I was going to say that I was jealous but I have them both. You will NOT be disappointed. Um, wait a minute...do you mean A or C? C is the French Horns.


----------



## muziksculp (Mar 16, 2017)

JonSolo said:


> I was going to say that I was jealous but I have them both. You will NOT be disappointed. Um, wait a minute...do you mean A or C? C is the French Horns.



Hehe.. My mistake.. I meant *Berlin Brass Exp. A* (Fixed it). Thanks


----------



## muziksculp (Mar 16, 2017)

A bit Off Topic , 

I'm also looking forward to the release of the OT. *Soloist III Virtuoso Violin*. I wonder if they started working on this library ?


----------



## galactic orange (Mar 16, 2017)

JonSolo said:


> Um, wait a minute...do you mean A or C? C is the French Horns.

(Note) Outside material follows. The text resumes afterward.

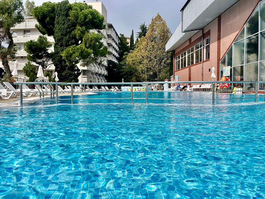 Питание оставляет желать лучшего, так же как и отношения официантов.За 18 дней скатерти не менялись ни разу(!). До моря метров 150, а до санаторного пляжа вдоль набережной нужно пройти еще 1200 шагов. Лечение нормальное, массаж великолепный, чувствуется работа профессионалов. Диджей замечательный. Моя оценка санаторию 3.
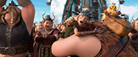 Кроме того, некоторые персонажи, которые были обозначены в сиквеле легкими штрихами, вышли на первый план, и многие из них - очень и очень забавны. Самая прикольная парочка - брат с сестрой Задирака (Джастин Раппл) и Забияка (Кристен Уиг). Задирака связывает свои длинные волосы под подбородком, делая вид, что носит бороду, и постоянно пытается наставлять Иккинга на путь истинный. А Забияка невероятно болтлива, и там самая смешная сцена в фильме - когда она попадает в плен к Гриммелю и изводит его болтовней до того, что он ее пинком отправляет на свободу. Впрочем, сцена, когда Беззубик пытается ухаживать за дневной фурией, а Иккинг ему подсказывает, тоже очень веселая.

This makes me very curious as to what Brass EXP B will have in it. FX? I would have thought that would be in EXP D.


----------



## Rodney Money (Mar 16, 2017)

galactic orange said:


> This makes me very curious as to what Brass EXP B will have in it. FX? I would have thought that would be in EXP D.


Mutes?


----------



## galactic orange (Mar 16, 2017)

Rodney Money said:


> Mutes?


We have a bingo! That's probably the next release. Out of curiosity, I wonder how likely (or necessary) it would be to have solo brass in the style of BWW (as in recorded dry). That would likely have to be in more than one expansion. I'd much rather have the mutes, hopefully all in one expansion.

Since this one's got a full range euphonium has it piqued your interest, Rodney?


----------



## Karl Feuerstake (Mar 16, 2017)

galactic orange said:


> Since this one's got a full range euphonium has it piqued your interest, Rodney?



Technically it's not full range, but it covers most of the good register. It's missing some of the lower notes just above the pedals, and then of course, its missing pedals too, but those are not incredibly idiomatic to Euphonium writing.


----------



## galactic orange (Mar 16, 2017)

Karl Feuerstake said:


> Technically it's not full range, but it covers most of the good register. It's missing some of the lower notes just above the pedals, and then of course, its missing pedals too, but those are not incredibly idiomatic to Euphonium writing.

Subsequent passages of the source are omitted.